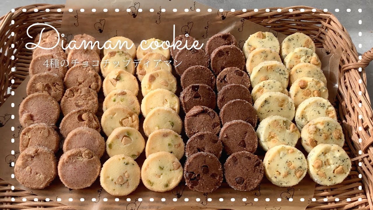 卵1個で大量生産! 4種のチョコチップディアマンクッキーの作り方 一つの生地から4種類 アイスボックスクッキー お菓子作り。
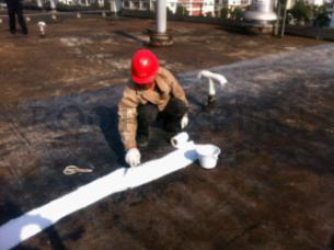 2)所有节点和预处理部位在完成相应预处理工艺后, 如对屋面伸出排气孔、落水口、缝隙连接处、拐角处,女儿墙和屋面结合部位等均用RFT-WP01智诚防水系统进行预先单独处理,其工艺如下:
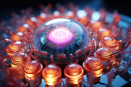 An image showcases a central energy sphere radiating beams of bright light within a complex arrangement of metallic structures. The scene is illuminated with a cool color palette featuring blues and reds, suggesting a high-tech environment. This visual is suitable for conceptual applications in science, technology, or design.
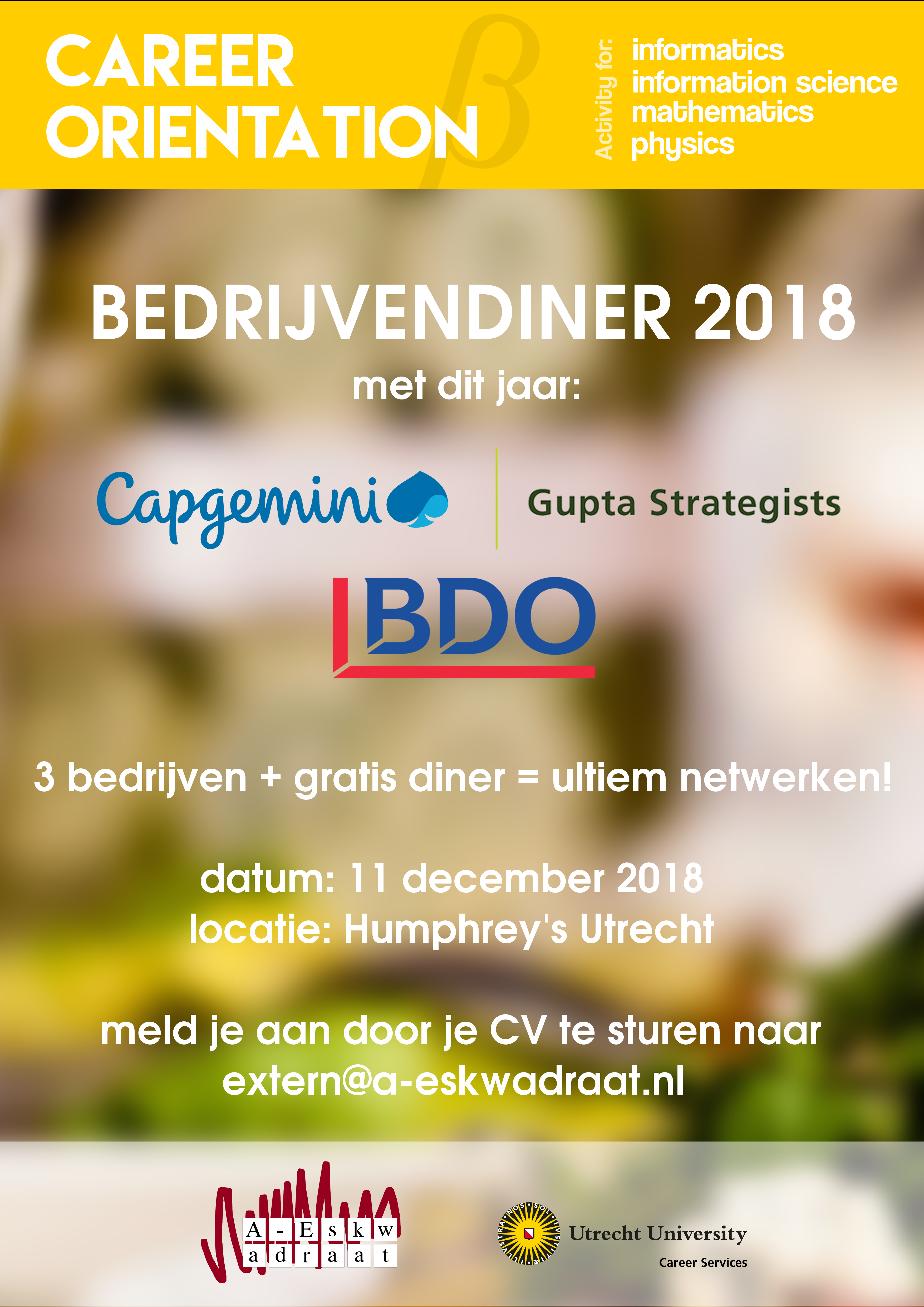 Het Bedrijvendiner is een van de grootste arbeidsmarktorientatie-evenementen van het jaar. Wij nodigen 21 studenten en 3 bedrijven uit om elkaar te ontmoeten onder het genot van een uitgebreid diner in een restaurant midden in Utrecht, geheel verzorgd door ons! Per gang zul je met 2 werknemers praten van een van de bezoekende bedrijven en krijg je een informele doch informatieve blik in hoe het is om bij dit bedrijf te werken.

...

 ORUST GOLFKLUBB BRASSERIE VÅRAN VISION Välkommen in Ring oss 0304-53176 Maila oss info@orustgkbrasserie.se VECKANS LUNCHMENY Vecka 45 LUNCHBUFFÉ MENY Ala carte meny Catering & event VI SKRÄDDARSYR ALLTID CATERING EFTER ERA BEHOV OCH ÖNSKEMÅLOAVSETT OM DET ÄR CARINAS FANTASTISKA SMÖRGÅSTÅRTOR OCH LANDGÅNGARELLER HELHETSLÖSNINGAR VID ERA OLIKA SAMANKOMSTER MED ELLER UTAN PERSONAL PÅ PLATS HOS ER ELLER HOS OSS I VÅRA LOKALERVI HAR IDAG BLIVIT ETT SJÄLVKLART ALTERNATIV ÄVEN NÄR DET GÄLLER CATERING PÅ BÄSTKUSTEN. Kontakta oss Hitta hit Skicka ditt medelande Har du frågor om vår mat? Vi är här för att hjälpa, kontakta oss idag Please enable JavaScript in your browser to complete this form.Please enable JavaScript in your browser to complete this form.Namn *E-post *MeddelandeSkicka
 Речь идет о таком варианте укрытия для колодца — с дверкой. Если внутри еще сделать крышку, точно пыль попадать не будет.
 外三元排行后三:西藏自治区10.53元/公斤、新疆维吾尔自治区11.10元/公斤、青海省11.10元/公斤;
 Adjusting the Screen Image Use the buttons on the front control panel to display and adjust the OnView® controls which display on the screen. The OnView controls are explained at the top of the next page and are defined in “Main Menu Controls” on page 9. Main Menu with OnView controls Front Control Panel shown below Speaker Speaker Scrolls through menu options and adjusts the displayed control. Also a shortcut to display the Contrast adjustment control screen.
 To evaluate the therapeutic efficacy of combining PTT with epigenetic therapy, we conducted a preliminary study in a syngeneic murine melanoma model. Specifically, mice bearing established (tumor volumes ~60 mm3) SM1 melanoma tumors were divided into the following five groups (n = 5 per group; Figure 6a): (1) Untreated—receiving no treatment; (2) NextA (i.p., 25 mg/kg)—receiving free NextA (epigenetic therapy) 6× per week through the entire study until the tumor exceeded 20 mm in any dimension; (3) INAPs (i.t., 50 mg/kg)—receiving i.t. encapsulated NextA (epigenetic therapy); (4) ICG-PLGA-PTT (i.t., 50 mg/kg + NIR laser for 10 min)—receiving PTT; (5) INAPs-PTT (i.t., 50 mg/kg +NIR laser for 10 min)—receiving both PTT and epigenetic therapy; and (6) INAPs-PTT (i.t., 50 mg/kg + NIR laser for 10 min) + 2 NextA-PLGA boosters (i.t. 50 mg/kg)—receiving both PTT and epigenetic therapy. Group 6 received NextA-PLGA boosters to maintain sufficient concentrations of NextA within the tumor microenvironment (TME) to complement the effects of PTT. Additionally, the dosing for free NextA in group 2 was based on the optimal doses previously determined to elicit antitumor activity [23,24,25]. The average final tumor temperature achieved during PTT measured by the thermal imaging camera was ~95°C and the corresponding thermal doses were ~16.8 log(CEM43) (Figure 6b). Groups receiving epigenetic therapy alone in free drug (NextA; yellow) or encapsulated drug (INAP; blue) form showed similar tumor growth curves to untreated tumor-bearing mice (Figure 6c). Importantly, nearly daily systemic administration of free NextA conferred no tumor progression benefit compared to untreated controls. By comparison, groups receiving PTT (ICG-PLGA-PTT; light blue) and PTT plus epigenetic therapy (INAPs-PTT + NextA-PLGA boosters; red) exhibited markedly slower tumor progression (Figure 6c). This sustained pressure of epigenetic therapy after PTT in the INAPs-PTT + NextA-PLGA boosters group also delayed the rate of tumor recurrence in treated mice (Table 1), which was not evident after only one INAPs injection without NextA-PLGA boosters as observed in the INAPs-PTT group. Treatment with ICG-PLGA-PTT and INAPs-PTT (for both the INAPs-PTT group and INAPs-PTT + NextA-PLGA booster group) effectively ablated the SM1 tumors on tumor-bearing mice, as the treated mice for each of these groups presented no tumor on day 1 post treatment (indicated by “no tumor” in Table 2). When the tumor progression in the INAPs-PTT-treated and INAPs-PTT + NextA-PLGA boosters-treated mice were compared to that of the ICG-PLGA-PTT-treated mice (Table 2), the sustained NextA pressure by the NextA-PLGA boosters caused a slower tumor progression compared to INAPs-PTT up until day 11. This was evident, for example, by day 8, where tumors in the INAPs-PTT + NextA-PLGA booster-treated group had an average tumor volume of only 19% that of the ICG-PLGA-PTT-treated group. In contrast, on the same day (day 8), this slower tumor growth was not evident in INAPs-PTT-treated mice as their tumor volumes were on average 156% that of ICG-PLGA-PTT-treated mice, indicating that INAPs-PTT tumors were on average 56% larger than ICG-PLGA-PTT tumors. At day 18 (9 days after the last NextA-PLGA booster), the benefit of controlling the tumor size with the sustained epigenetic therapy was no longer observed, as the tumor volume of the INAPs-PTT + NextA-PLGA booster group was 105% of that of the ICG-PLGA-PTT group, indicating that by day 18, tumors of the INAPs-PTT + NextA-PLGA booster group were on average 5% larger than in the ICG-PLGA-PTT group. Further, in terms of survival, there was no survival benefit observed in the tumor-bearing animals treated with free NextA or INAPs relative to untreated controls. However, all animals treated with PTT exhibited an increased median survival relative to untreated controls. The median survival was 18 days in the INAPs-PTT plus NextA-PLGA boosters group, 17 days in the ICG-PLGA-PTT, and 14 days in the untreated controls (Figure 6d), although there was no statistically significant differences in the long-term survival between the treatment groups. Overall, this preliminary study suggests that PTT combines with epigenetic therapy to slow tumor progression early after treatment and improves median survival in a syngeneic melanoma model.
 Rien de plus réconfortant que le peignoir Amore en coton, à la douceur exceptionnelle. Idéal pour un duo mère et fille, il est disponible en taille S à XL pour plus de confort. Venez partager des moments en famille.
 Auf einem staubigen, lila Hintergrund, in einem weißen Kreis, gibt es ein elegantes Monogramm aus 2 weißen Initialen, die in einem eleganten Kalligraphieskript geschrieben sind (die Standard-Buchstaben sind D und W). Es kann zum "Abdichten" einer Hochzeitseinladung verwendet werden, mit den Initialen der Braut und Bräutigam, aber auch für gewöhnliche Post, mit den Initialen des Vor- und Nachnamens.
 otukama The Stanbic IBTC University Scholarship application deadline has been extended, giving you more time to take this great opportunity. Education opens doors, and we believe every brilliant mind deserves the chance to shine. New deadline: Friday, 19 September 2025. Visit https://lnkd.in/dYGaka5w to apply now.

==

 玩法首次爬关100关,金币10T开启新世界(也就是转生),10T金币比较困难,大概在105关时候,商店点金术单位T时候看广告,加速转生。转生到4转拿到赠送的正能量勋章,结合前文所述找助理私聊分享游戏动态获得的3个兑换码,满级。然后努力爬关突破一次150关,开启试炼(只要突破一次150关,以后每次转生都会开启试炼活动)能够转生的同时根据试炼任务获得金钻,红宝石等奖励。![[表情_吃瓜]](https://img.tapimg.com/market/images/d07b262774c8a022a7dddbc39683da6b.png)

- **Problem description**:
Could you write out exactly the lines of the data above that run from the one holding "2)所有节点和预处理部位在完" to the one holding "An image showcases", with both ends in and all pictures out?

- **Result**:
 2)所有节点和预处理部位在完成相应预处理工艺后, 如对屋面伸出排气孔、落水口、缝隙连接处、拐角处,女儿墙和屋面结合部位等均用RFT-WP01智诚防水系统进行预先单独处理,其工艺如下:
 An image showcases a central energy sphere radiating beams of bright light within a complex arrangement of metallic structures. The scene is illuminated with a cool color palette featuring blues and reds, suggesting a high-tech environment. This visual is suitable for conceptual applications in science, technology, or design.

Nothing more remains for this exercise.